- Uttarey Location in Sikkim, India Uttarey Uttarey (India)
- Coordinates: 27°15′36″N 88°05′42″E﻿ / ﻿27.260°N 88.095°E
- Country: India
- State: Sikkim
- District: Gyalshing (formerly West Sikkim)
- Subdivision: Gyalshing
- Gram Panchayat Unit: Maneybung Sopakha
- Elevation: 2,000 m (6,600 ft)
- Time zone: UTC+5:30 (IST)
- Vehicle registration: SK
- Website: https://gyalshing.nic.in/tourist-place/utteray/

= Uttarey =

Uttarey is a mountain village located in the Gyalshing subdivision of Gyalshing district (formerly West Sikkim) in the Indian state of Sikkim. It lies close to the border with eastern Nepal and forms a northern gateway to the Singalila Ridge and several high‑altitude trekking routes. It is also known for its quiet mountain setting, dense forests, trout farm, traditional Limboo and Bhutia cultural presence, and its proximity to popular trekking routes such as Phoktey Dara and the Singalila Range.
== Geography ==
Uttarey is situated in the western part of Sikkim at an elevation of around 2000 metres on the northern slopes of the Singalila Ridge. The village lies close to the border with eastern Nepal and is surrounded by dense temperate forests, steep valleys and high mountain terrain typical of the eastern Himalayas.
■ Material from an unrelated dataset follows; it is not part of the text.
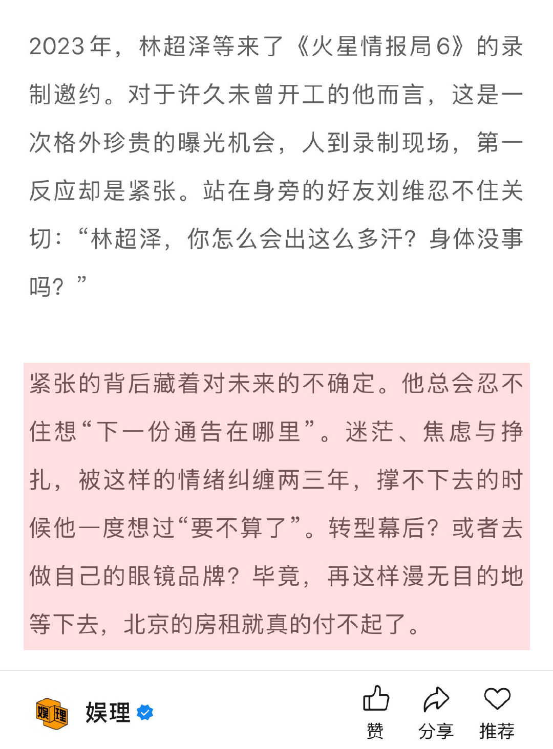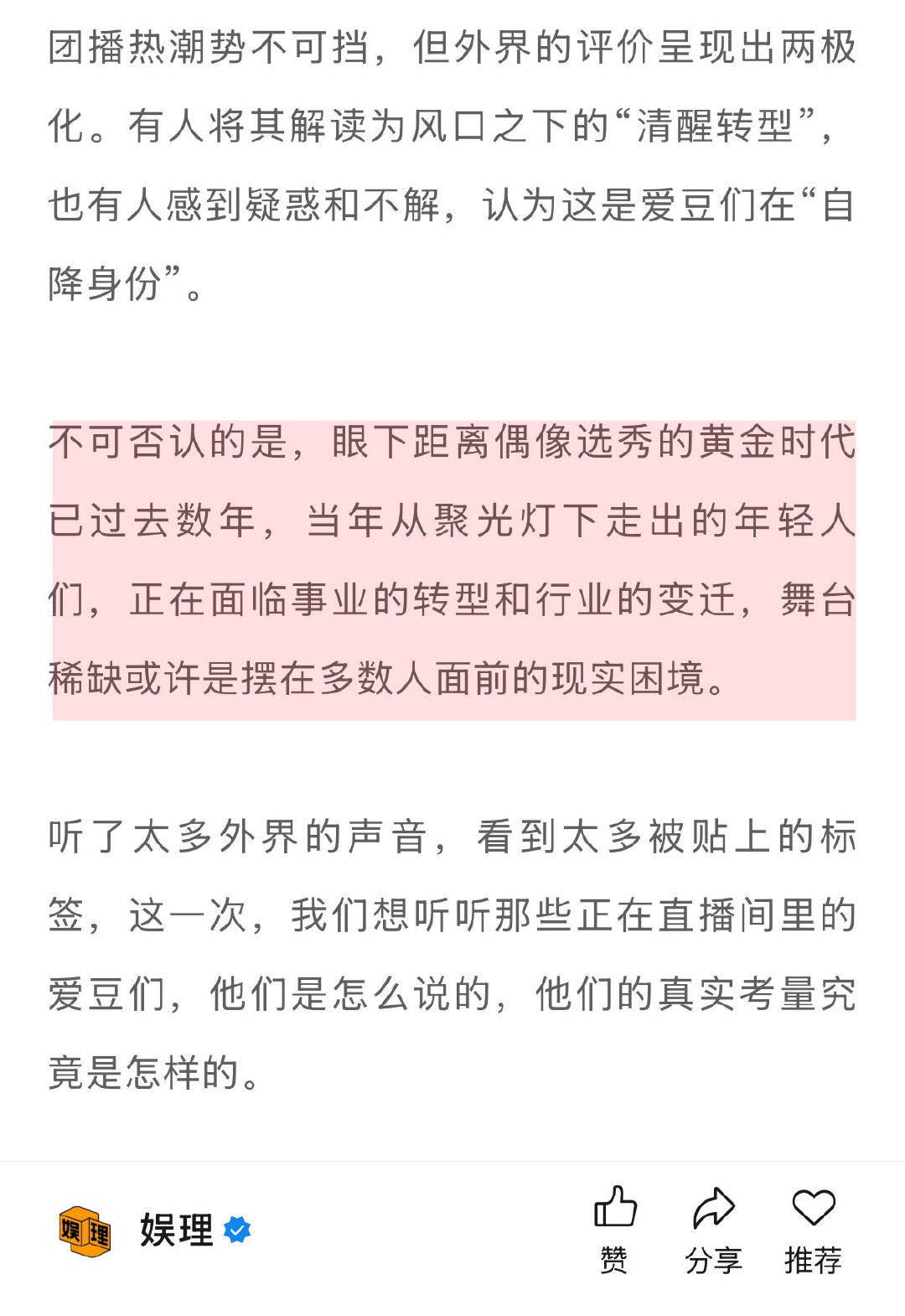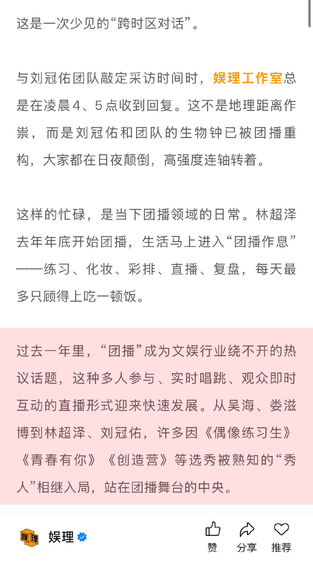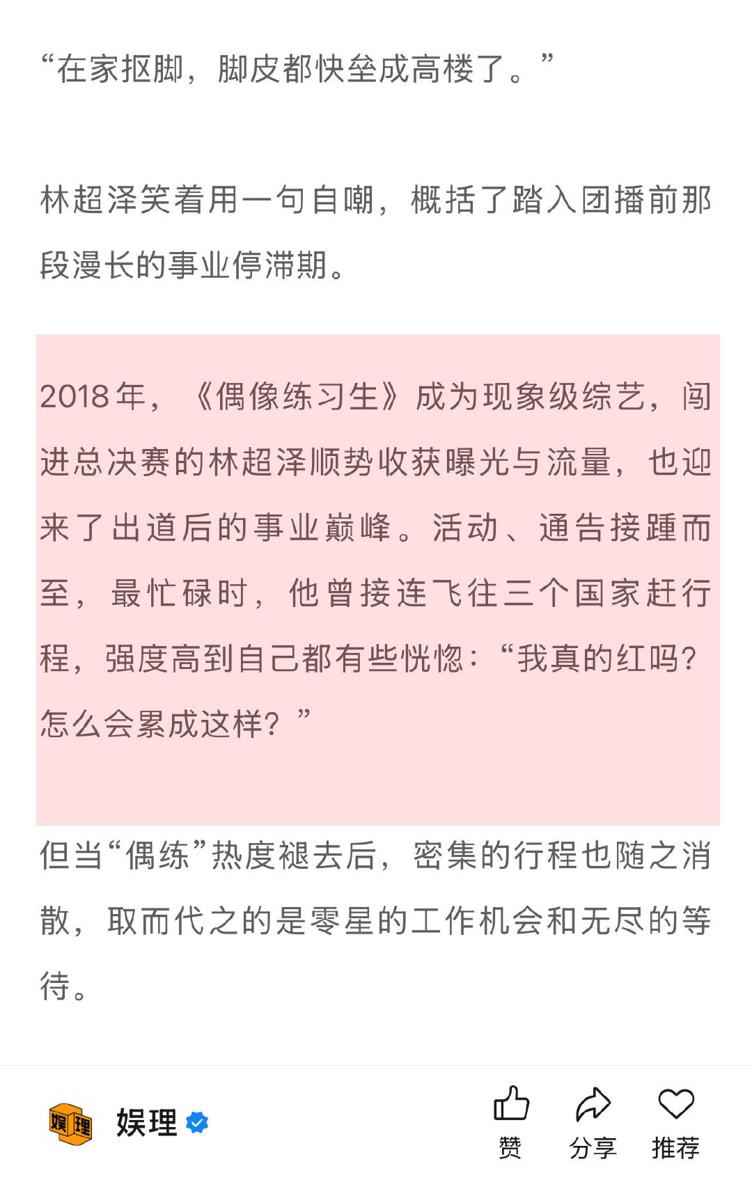 刘冠佑回应被说做团播可惜了 林超泽回应团播为了赚快钱 用"在家抠脚”的自嘲,概括了自己踏入团播前那段漫长的事业停滞期。2018年《偶像练习生》让他收获了曝光与流量。但当“偶练”热度褪去后,密集的行程也随之消散,取而代之的是零星的工作机会和无尽的等待。 刘冠佑林超泽谈爱豆做团播↓

The area provides views towards the Kanchenjunga range and serves as an approach point to several high-altitude passes and ridgelines, including Chewabhanjyang and Phoktey Dara. The climate of Uttarey is predominantly cool and temperate, with cold winters and mild, moist summers influenced by its elevation and forest cover.

== Tourism ==
Uttarey is promoted as a quiet, offbeat mountain destination known for its natural scenery, forested surroundings and views towards the Kanchenjunga range. The village is located close to the Singshore Bridge, one of the highest suspension bridges in the region, which serves as a major attraction for visitors. Local points of interest include a trout farm, small monasteries and viewpoints situated on the slopes above the settlement. The area also features a small recreational space known as Titanic Park, which is frequented by travellers exploring the western part of Sikkim.

Uttarey serves as an access point for several trekking routes, most notably the trail to Phoktey Dara and sections of the Singalila Ridge, which are known for panoramic Himalayan vistas and rhododendron forests. The village’s quiet environment and proximity to high-altitude passes near the Nepal border make it a popular base for nature-oriented tourism and trekking activities.